▶ _Exercise description_: The pictures stay out. Please retype every line below exactly.

▶ _Exercise data_:
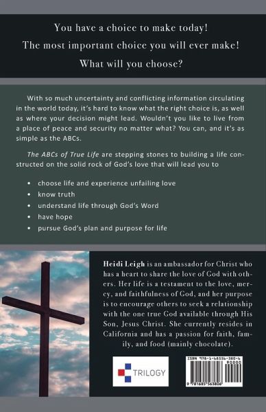 You have a choice to make today! The most important choice you will ever make! What will you choose? With so much uncertainty and conflicting information circulating in the world today, it's hard to know what the right choice is, as well as where your decision might lead. Wouldn't you like to live from a place of peace and security no matter what? You can, and it's as simple as the ABCs.The ABCs of True Life are stepping stones to building a life constructed on the solid rock of God's love that will lead you to choose life and experience unfailing love know truth understand life through God's Word have hope pursue God's plan and purpose for life
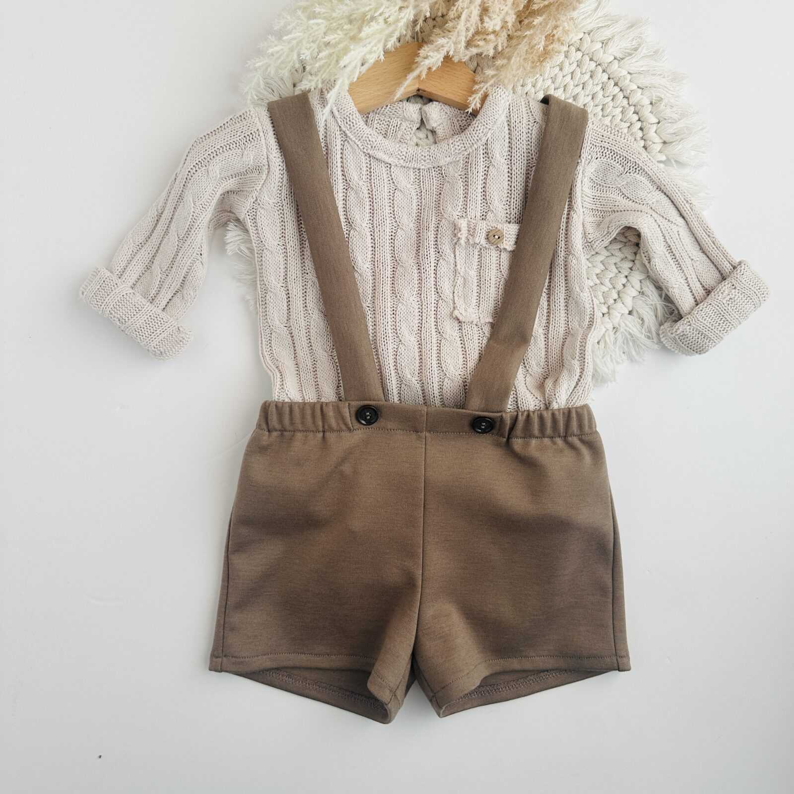 Beżowe body z materiału swetrowego i czekoladowe spodenki na szelkach w rozm. na rok.
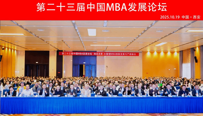 2025年10月19日,由第二十三届中国MBA发展论坛组委会和西安电子科技大学联合主办的第二十三届中国MBA发展论坛在西安举办。本次论坛以“洞见未来:AI重塑MBA创新发展与产教融合”为主题,来自全国百余所高校的专家学者、领军企业的管理精英、MBA师生及员工代表500余人参加,共同探讨人工智能时代MBA教育的内涵变革与产教融合。威廉体育williamhill副经理何迎朝,MBA中心主任唐浩,MBA联合会段彦蓉、李磊参加了此次会议。
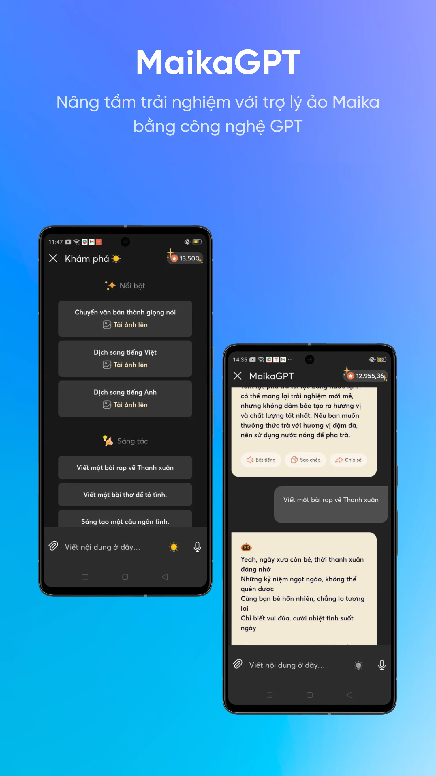 MAIKA, developed by OLLI Technology, is an AI assistant designed to enhance work and daily life. Its purpose is to transform technological advancements into practical conveniences, providing users with numerous benefits. MAIKA offers a wide range of features that cater to various needs. Users can interact with MAIKA through voice commands and use its extensive integrated content library. SIMPLIFY YOUR LIFE WITH VOICE TECHNOLOGY • Control smart home devices like air conditioners, lights, fans, TVs, etc., using 100% Vietnamese voice commands....
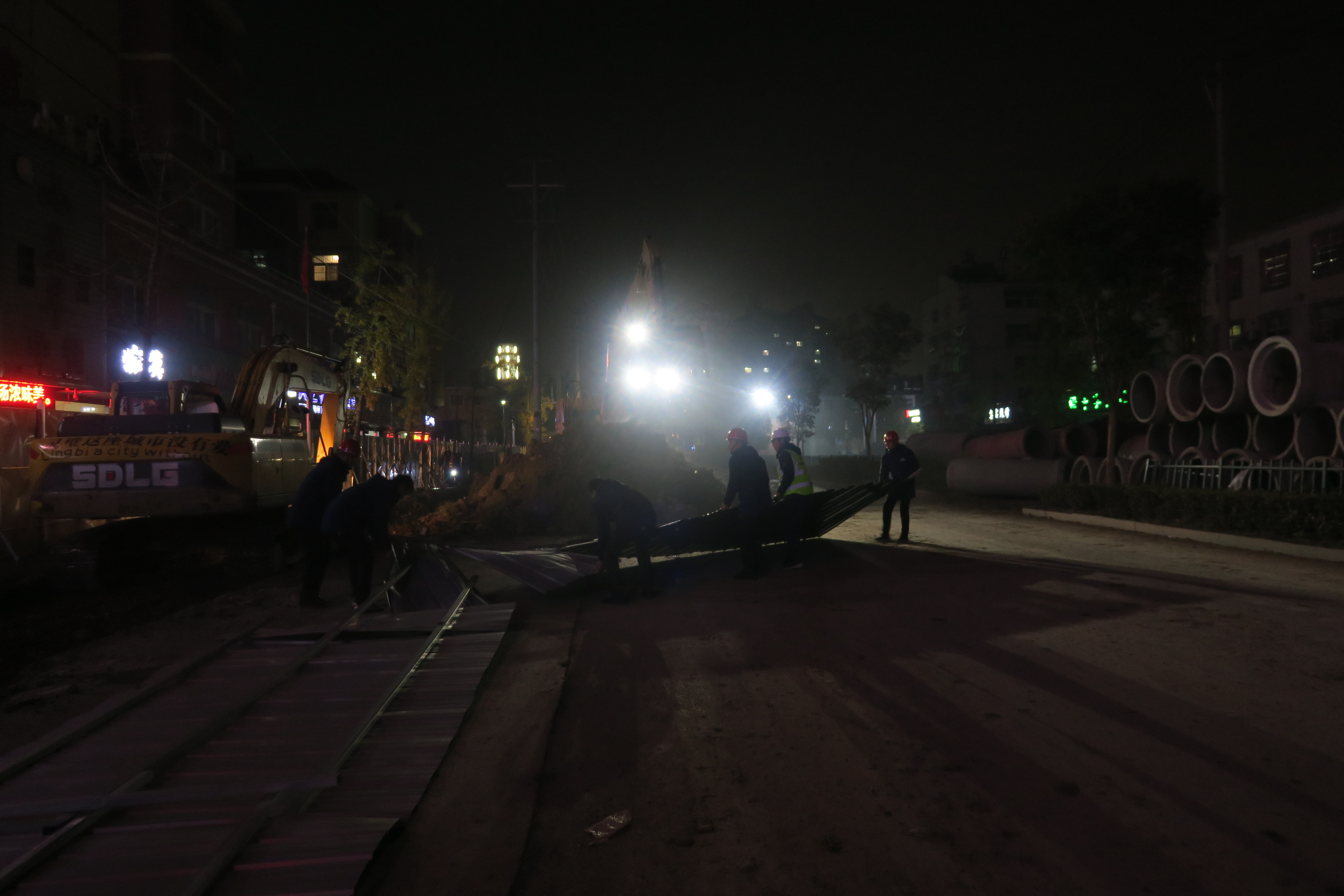 冬日的夜,愈深愈冷,北風嗖嗖的刮過,讓人禁不住地打起寒顫。但在合肥分公司靈璧縣的迎賓大道上,深夜里的12點后,忙碌的工人們依舊沒有停歇;為了趕工期搶進度,他們披星戴月、無懼風雨,他們挑燈夜戰、白黑連軸轉,他們正在以時不我待的奮斗姿態向著2020年產值目標進行最后的沖鋒。
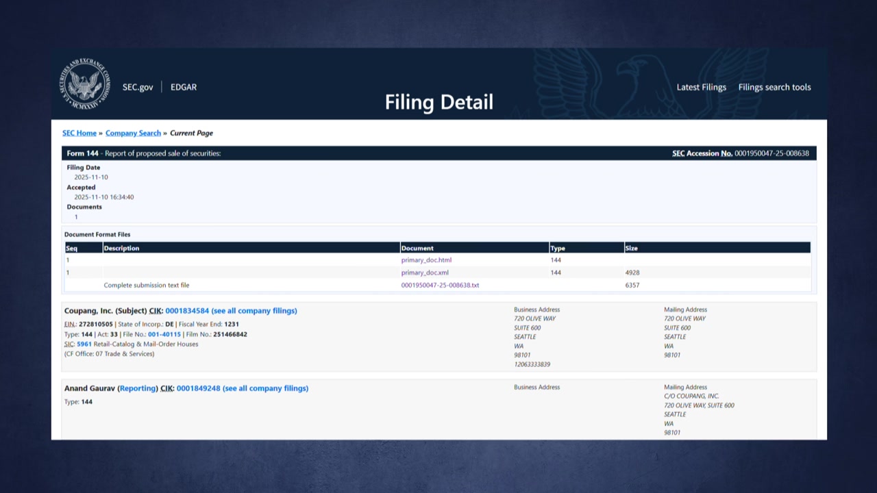 미국 증권거래위원회, SEC는 거랍 아난드 쿠팡 최고재무책임자, CFO가 지난달 10일 쿠팡 주식 7만 5,350주를 주당 29.0195달러에 매도한 사실을 신고했다고 공시했습니다.
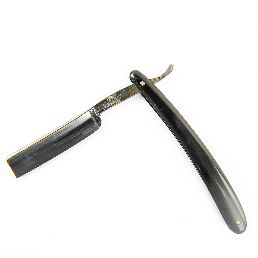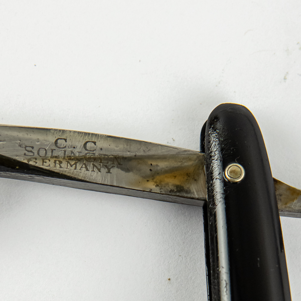 Vintage Straight Razor by C. C. Solingen, with black plastic scales. The face is blank, Tang reads “C. C. Solingen Germany”, and reverse is blank. Blade is in overall great condition, with shiny luster and minimal spots/tarnish, has cosmoline protectant applied. Unoriginal box IS included and is in fair condition. See photos and bid accordingly.
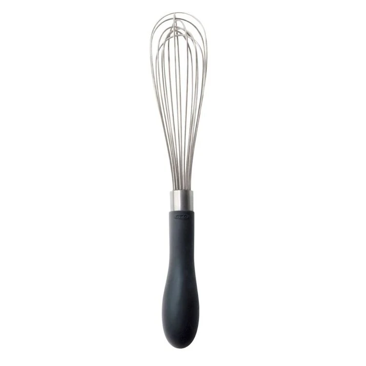 Beat eggs, stir batter, whip cream and stir sauces with ease. The OXO Good Grips Whisk features polished stainless steel wires and teardrop-shaped handles that fit comfortably in the palm of your hand.
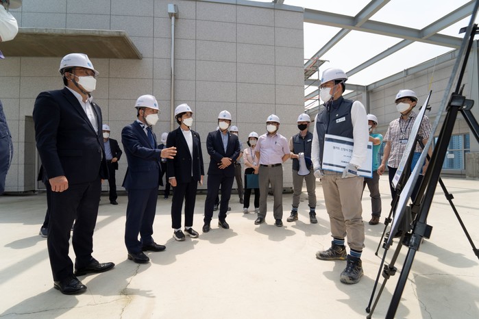 | ▲ 광교 도의회 신청사 공사현장을 방문한 의회운영소위원회 위원들이 관계자로부터 사업 추진 현황을 설명 듣고 있다. (사진제공=경기도의회) |
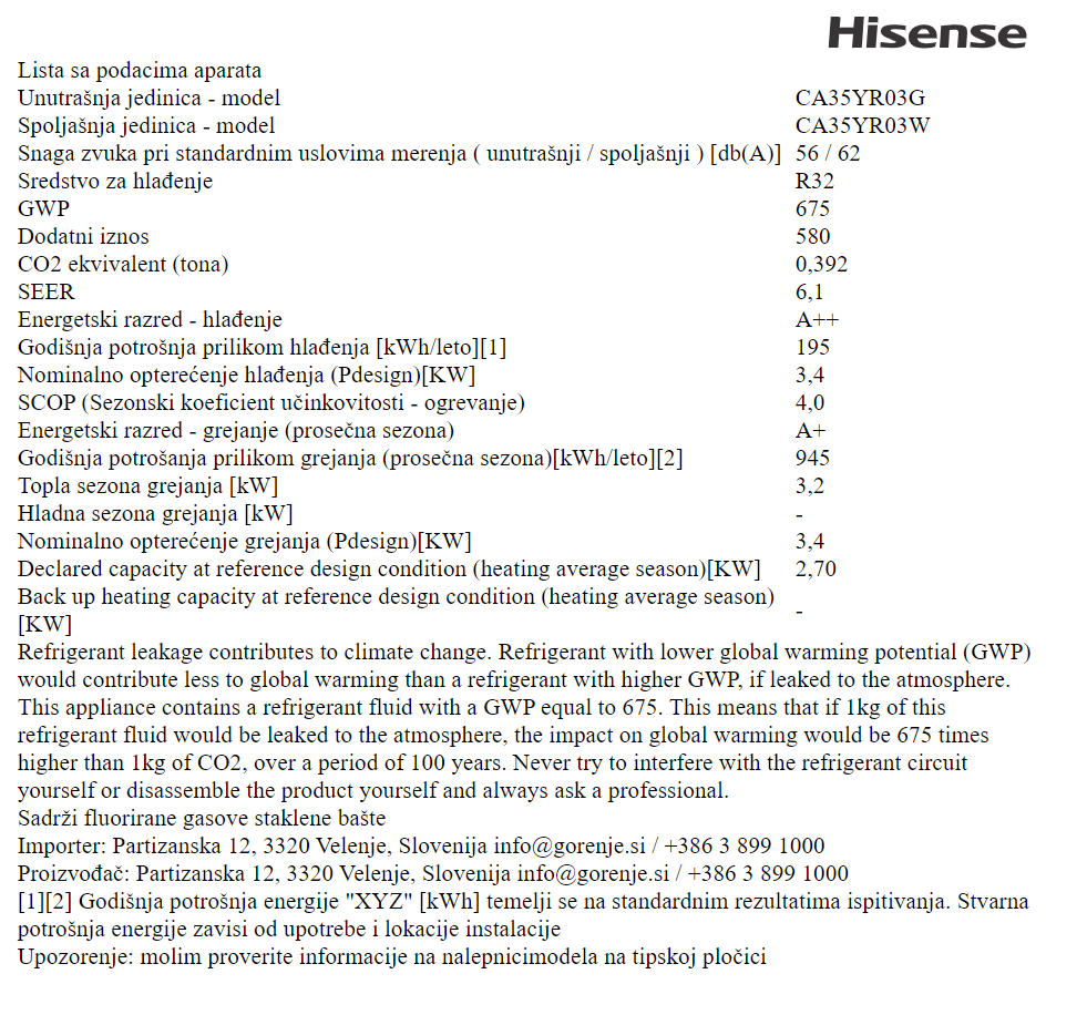 - Godišnja potrošnja električne energije u režimu hlađenje (QCE):195 kWh
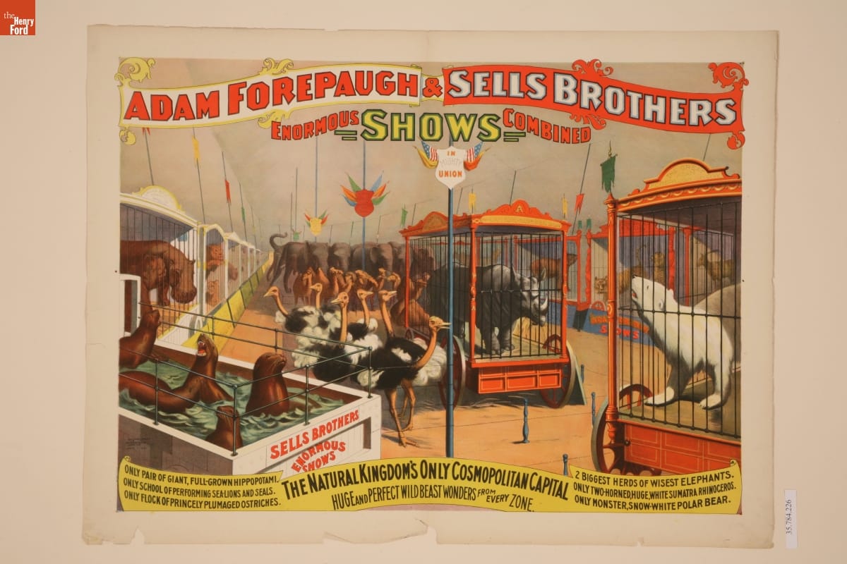 Circus poster printed at top: ADAM FOREPAUGH & SELLS BROTHERS / ENORMOUS SHOWS COMBINED / IN MIGHTY / UNION
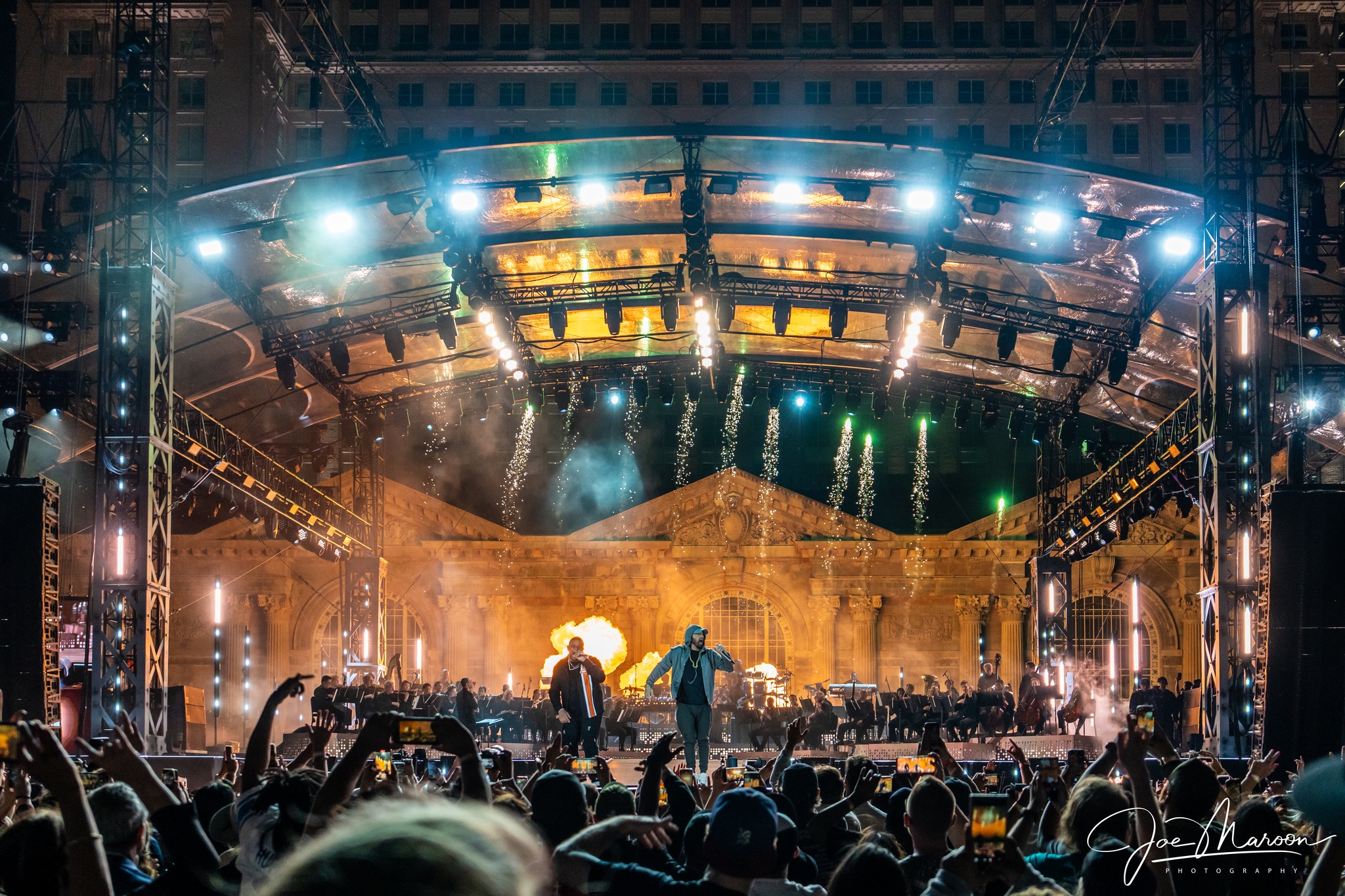 Eminem’s Spectacle: The show-closing extravaganza with Michigan Central Station as a backdrop. (Photo/Joe Maroon Photography)

▶ _Expected answer_:
 You have a choice to make today! The most important choice you will ever make! What will you choose? With so much uncertainty and conflicting information circulating in the world today, it's hard to know what the right choice is, as well as where your decision might lead. Wouldn't you like to live from a place of peace and security no matter what? You can, and it's as simple as the ABCs.The ABCs of True Life are stepping stones to building a life constructed on the solid rock of God's love that will lead you to choose life and experience unfailing love know truth understand life through God's Word have hope pursue God's plan and purpose for life
 Beżowe body z materiału swetrowego i czekoladowe spodenki na szelkach w rozm. na rok.
 2025年10月19日,由第二十三届中国MBA发展论坛组委会和西安电子科技大学联合主办的第二十三届中国MBA发展论坛在西安举办。本次论坛以“洞见未来:AI重塑MBA创新发展与产教融合”为主题,来自全国百余所高校的专家学者、领军企业的管理精英、MBA师生及员工代表500余人参加,共同探讨人工智能时代MBA教育的内涵变革与产教融合。威廉体育williamhill副经理何迎朝,MBA中心主任唐浩,MBA联合会段彦蓉、李磊参加了此次会议。
 MAIKA, developed by OLLI Technology, is an AI assistant designed to enhance work and daily life. Its purpose is to transform technological advancements into practical conveniences, providing users with numerous benefits. MAIKA offers a wide range of features that cater to various needs. Users can interact with MAIKA through voice commands and use its extensive integrated content library. SIMPLIFY YOUR LIFE WITH VOICE TECHNOLOGY • Control smart home devices like air conditioners, lights, fans, TVs, etc., using 100% Vietnamese voice commands....
 冬日的夜,愈深愈冷,北風嗖嗖的刮過,讓人禁不住地打起寒顫。但在合肥分公司靈璧縣的迎賓大道上,深夜里的12點后,忙碌的工人們依舊沒有停歇;為了趕工期搶進度,他們披星戴月、無懼風雨,他們挑燈夜戰、白黑連軸轉,他們正在以時不我待的奮斗姿態向著2020年產值目標進行最后的沖鋒。
 미국 증권거래위원회, SEC는 거랍 아난드 쿠팡 최고재무책임자, CFO가 지난달 10일 쿠팡 주식 7만 5,350주를 주당 29.0195달러에 매도한 사실을 신고했다고 공시했습니다.
 Vintage Straight Razor by C. C. Solingen, with black plastic scales. The face is blank, Tang reads “C. C. Solingen Germany”, and reverse is blank. Blade is in overall great condition, with shiny luster and minimal spots/tarnish, has cosmoline protectant applied. Unoriginal box IS included and is in fair condition. See photos and bid accordingly.
 Beat eggs, stir batter, whip cream and stir sauces with ease. The OXO Good Grips Whisk features polished stainless steel wires and teardrop-shaped handles that fit comfortably in the palm of your hand.
 | ▲ 광교 도의회 신청사 공사현장을 방문한 의회운영소위원회 위원들이 관계자로부터 사업 추진 현황을 설명 듣고 있다. (사진제공=경기도의회) |
 - Godišnja potrošnja električne energije u režimu hlađenje (QCE):195 kWh
 Circus poster printed at top: ADAM FOREPAUGH & SELLS BROTHERS / ENORMOUS SHOWS COMBINED / IN MIGHTY / UNION
 Eminem’s Spectacle: The show-closing extravaganza with Michigan Central Station as a backdrop. (Photo/Joe Maroon Photography)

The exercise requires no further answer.